= What you are asked to do =
Take the lines from the one with "Water and then" through the end of the material below and repeat them exactly, dropping every picture.

= Extracted information =
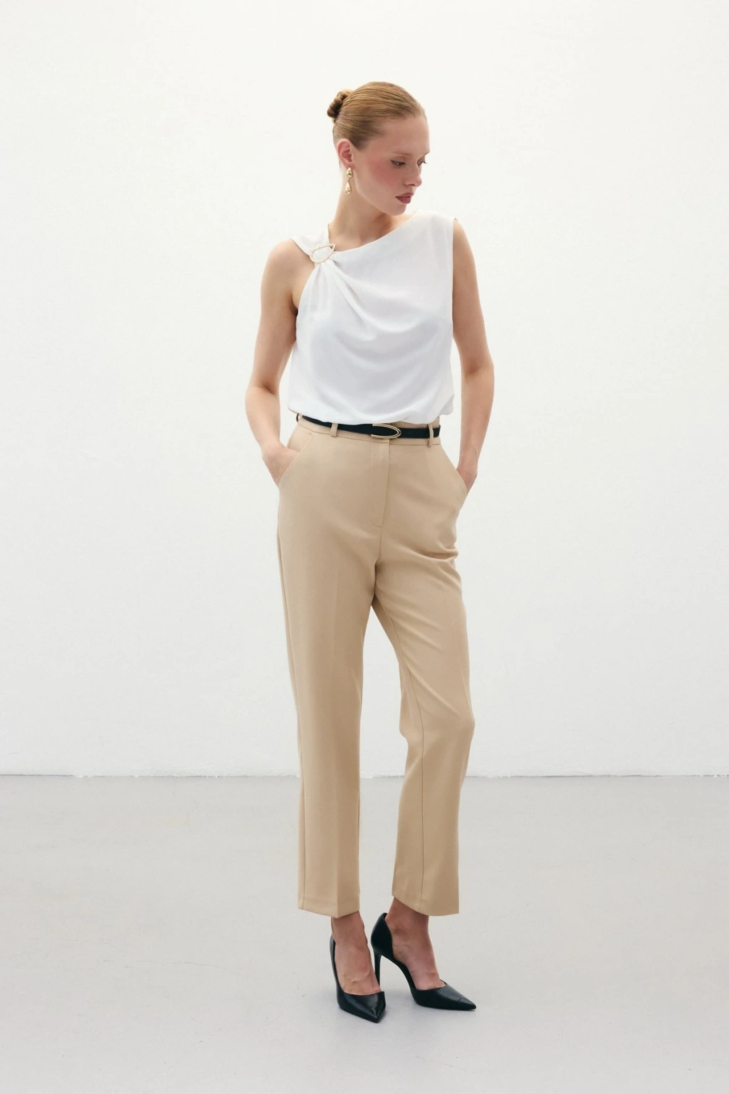 Bel Aksesuarlı Pantolon - Ekru
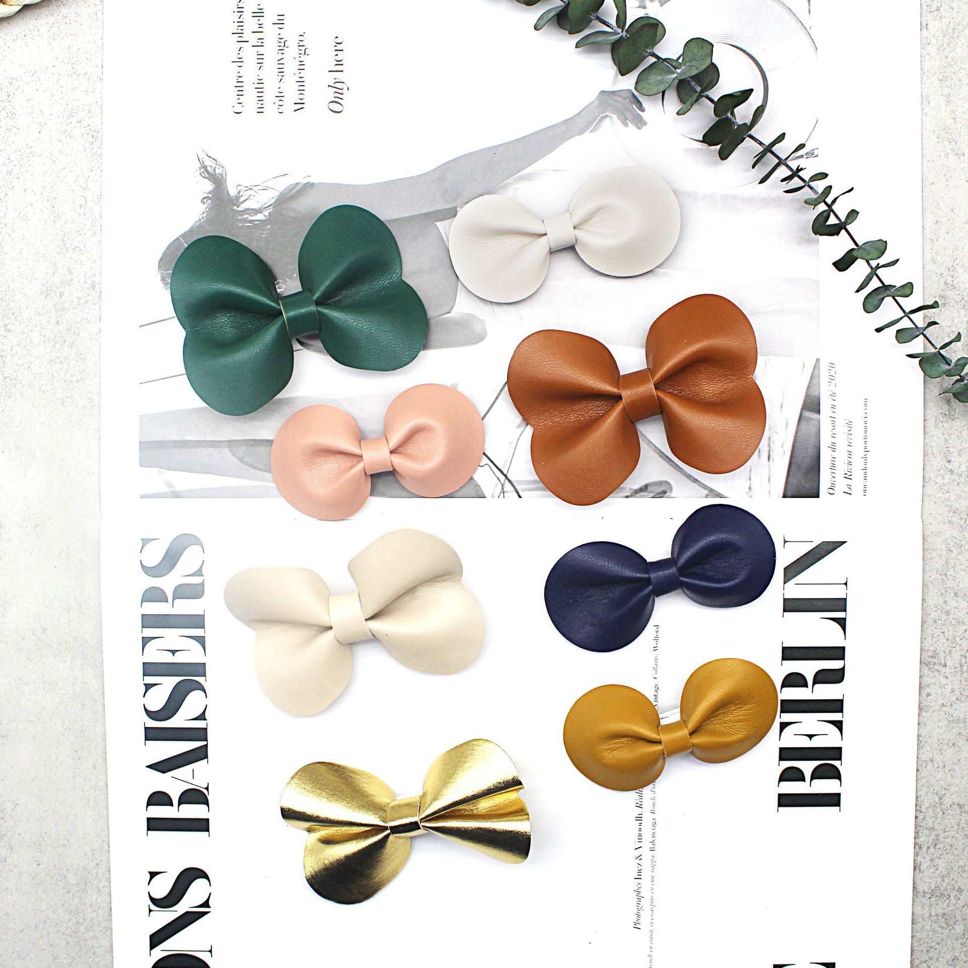 皮革蝴蝶结鸭嘴夹发饰发卡简约时尚女套装跨境欧美亚马逊
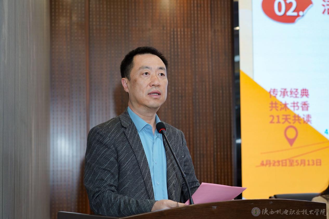 张克副院长宣读了《陕西机电职业技术学院4·23世界读书日暨第六届读书月活动方案》。他详细阐述了活动的目的、内容、形式及预期效果,并特别强调了活动的意义,旨在通过丰富多彩的阅读活动,推动校园阅读文化的深入发展,提升师生的阅读素养和综合素质。
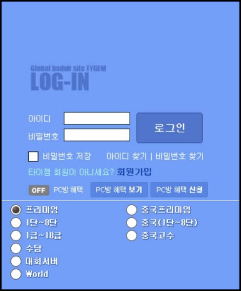 PC에서 타이젬 바둑을 즐기기 위해서는 웹 대국실 혹은 PC 클라이언트 설치형 대국실 중 선택할 수 있습니다.
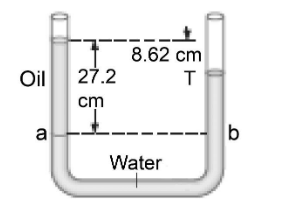 Water and then oil (which don鈥檛 mix) are poured into a U-shaped tube, open at both ends. They come to equilibrium as shown in Fig. 10鈥50. What is the density of the oil? [Hint: Pressures at points a and b are equal. Why?]
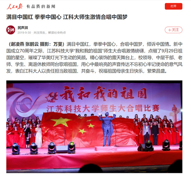 人民日报《满目中国红 拳拳中国心 江开云英超官网_开云online(中国)师生激情合唱中国梦》(2019年9月30日)

= Response below =
 Water and then oil (which don鈥檛 mix) are poured into a U-shaped tube, open at both ends. They come to equilibrium as shown in Fig. 10鈥50. What is the density of the oil? [Hint: Pressures at points a and b are equal. Why?]
 人民日报《满目中国红 拳拳中国心 江开云英超官网_开云online(中国)师生激情合唱中国梦》(2019年9月30日)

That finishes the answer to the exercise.